(Extracted data entries)

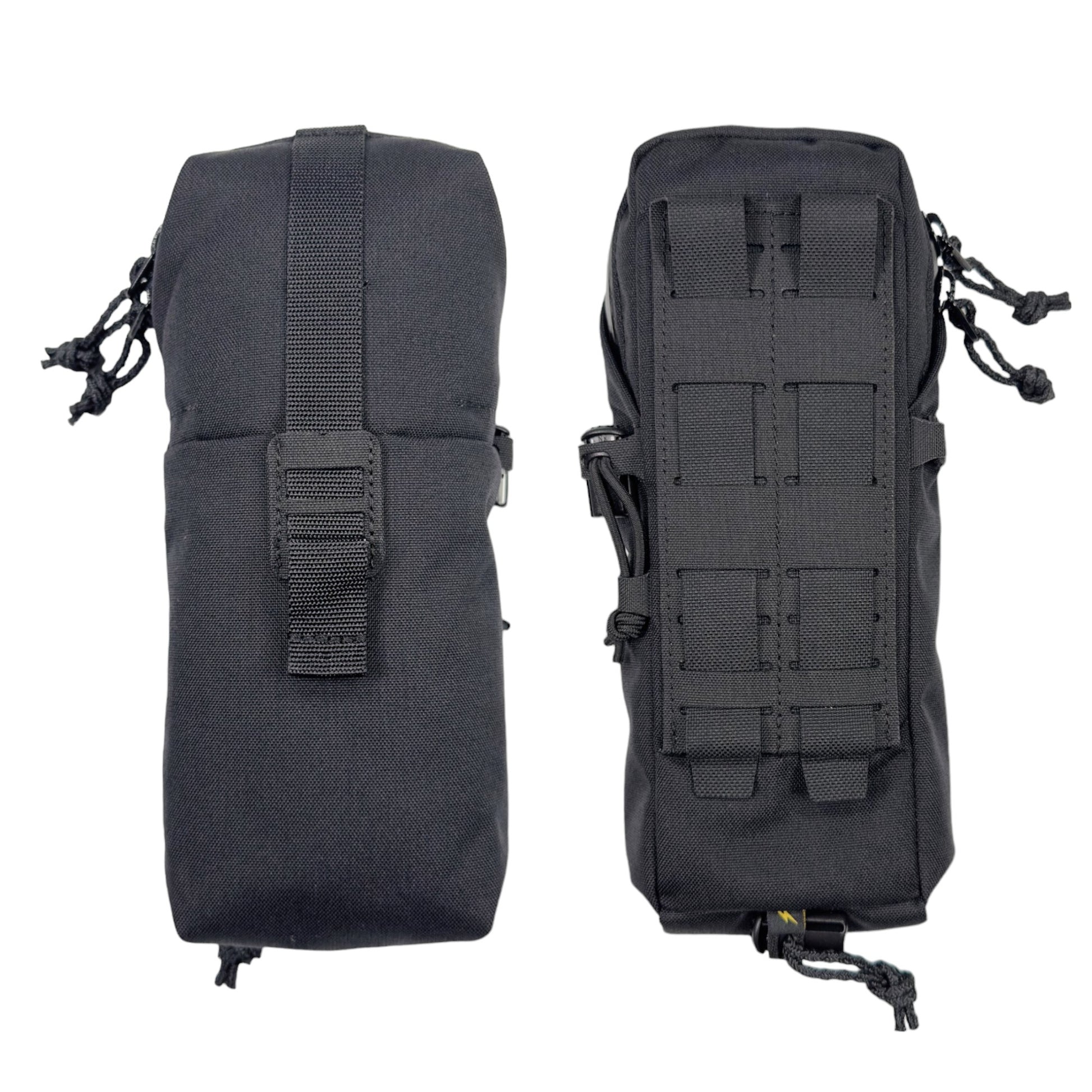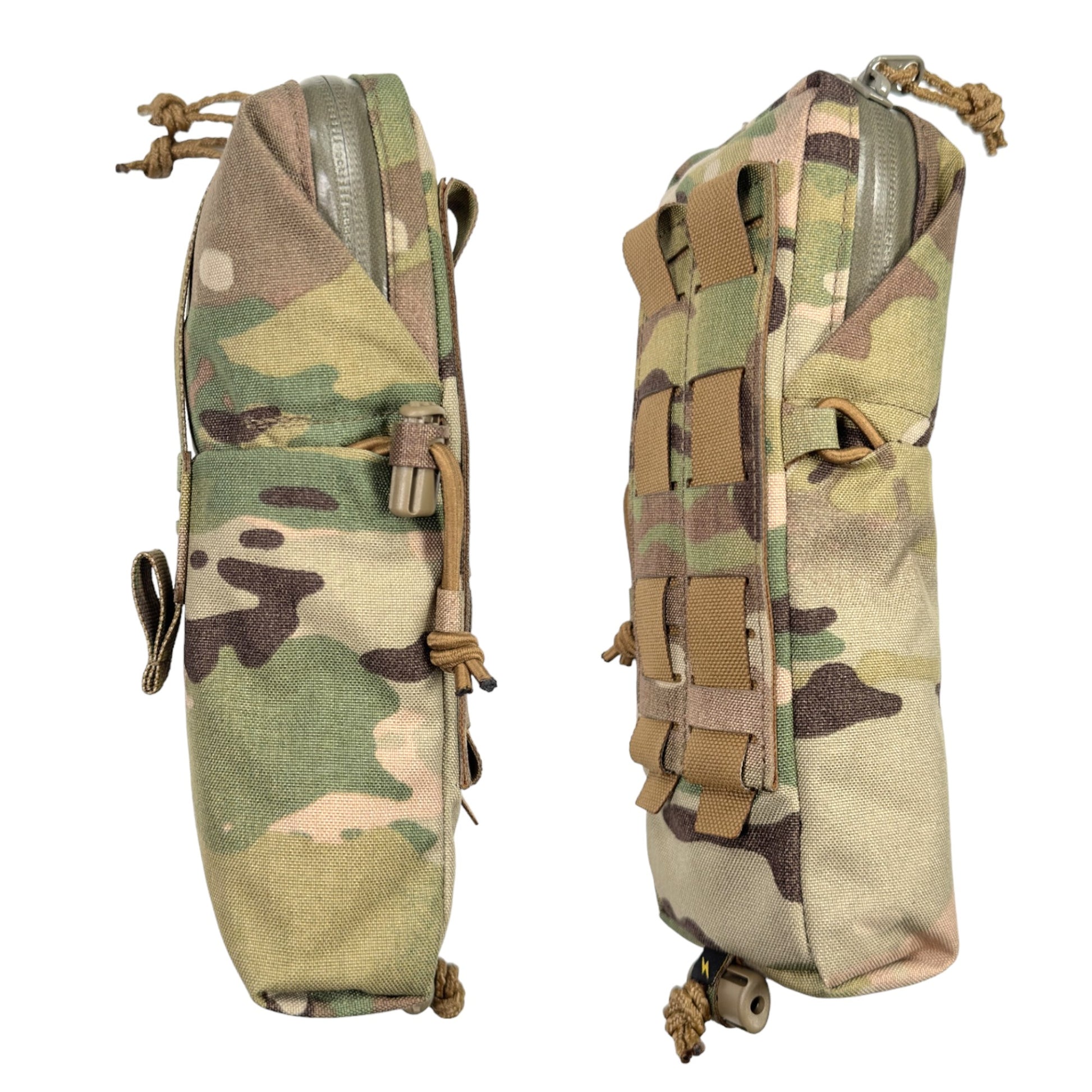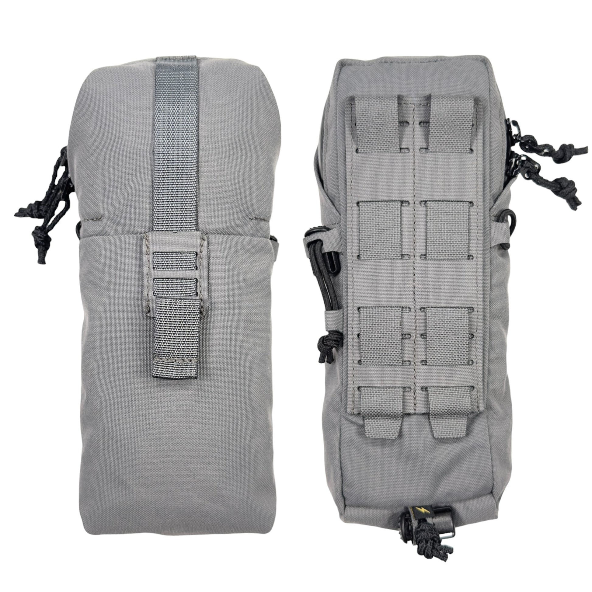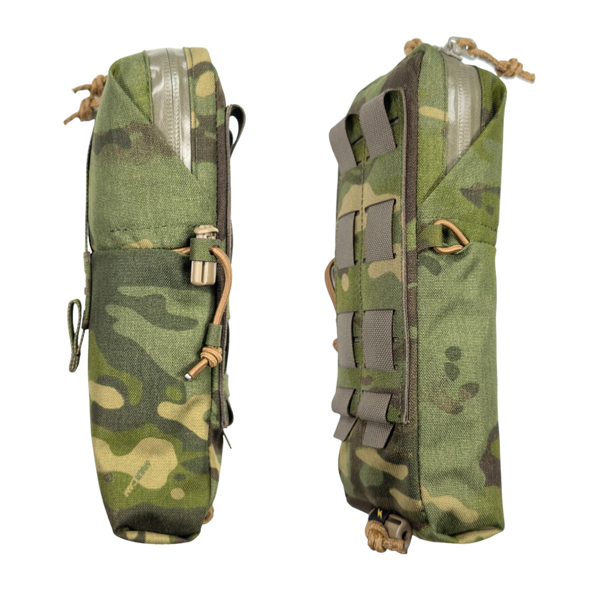 また、収納物の高さが足りず、底に埋まってしまう様な時には、ポーチ内部からドレインホールを通して外部コードロックに固定したロッキングコード絞る事で、最大9cm程のポーチの底上げ(ポーチの長さを縮める)が可能です。
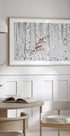 From White od HAN dong hee zachycuje světélkující březový háj ve vysokém tónu: štíhlé bílé kmeny rytmicky stoupající měkkou mlhou s jemnými skvrnami podzimního zlata zavěšenými ve vzduchu. Minimální, ale hřejivá, evokuje klid, prostor a tichý pohyb – elegantní, moderní kývnutí na severské lesní světlo. Ideální pro klidné, moderní prostory.
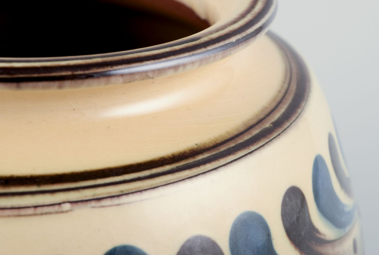 Glaze in blue and brown tones on a cream coloured base.
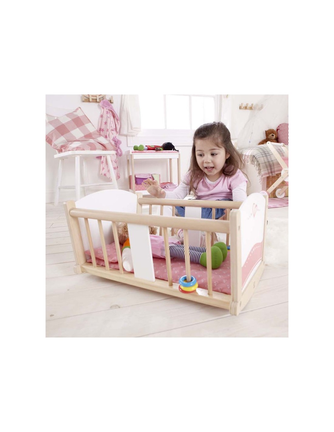 Si vols que la teva nina s'adormi plàcidament, no hi ha res millor que aquest Bressol Balancí per a Nines de la marca Hape. Està fet de fusta robusta i està pintat amb preciosos colors. Al ser tan bonic, segur que queda fantàstic a la teva habitació. No creus? La part inferior del bressol és arrodonida, cosa que et permetrà balancejar a la teva nina d'un cantó a l'altre perquè es vagi adormint a poc a poc. El bressol inclou un còmode llitet i un coixí perquè la teva nina estigui el millor possible. Tot és poc per ella!
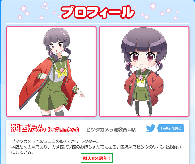 【ビッカメ娘 "池西たん"擬人化4周年】2021年05月09日は東京・再開発で綺麗になった池袋西口にて営業している"#ビックカメラ池袋西口店(@bicikenishi)"様の看板娘"#池西たん"の擬人化4周年記念日!姉の"#本店たん"よりしっかりしていそうw #ビックカメラ #ビッカメ娘 #5月9日は池西たん擬人化4周年
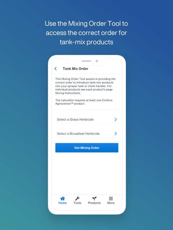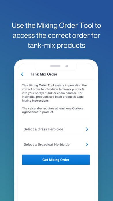- Tank Mix Order tool to help identify which herbicide products can be tank mixed together and the appropriate order in which to add them to the sprayer tank or chem handler.
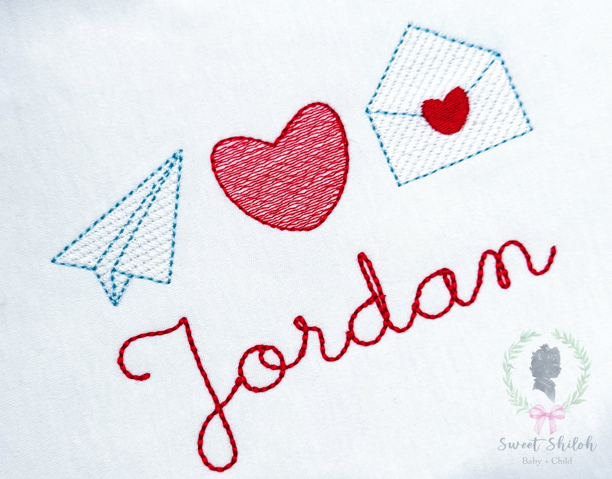 Design includes a sketch Valentine's Day trio with paper airplane, heart and love letter machine embroidery file. Font not included.

__TASK__
With all pictures removed, reproduce the lines from the top of the entries above through the line containing "Glaze in blue", exactly as written.

__RESPONSE AREA__
 また、収納物の高さが足りず、底に埋まってしまう様な時には、ポーチ内部からドレインホールを通して外部コードロックに固定したロッキングコード絞る事で、最大9cm程のポーチの底上げ(ポーチの長さを縮める)が可能です。
 From White od HAN dong hee zachycuje světélkující březový háj ve vysokém tónu: štíhlé bílé kmeny rytmicky stoupající měkkou mlhou s jemnými skvrnami podzimního zlata zavěšenými ve vzduchu. Minimální, ale hřejivá, evokuje klid, prostor a tichý pohyb – elegantní, moderní kývnutí na severské lesní světlo. Ideální pro klidné, moderní prostory.
 Glaze in blue and brown tones on a cream coloured base.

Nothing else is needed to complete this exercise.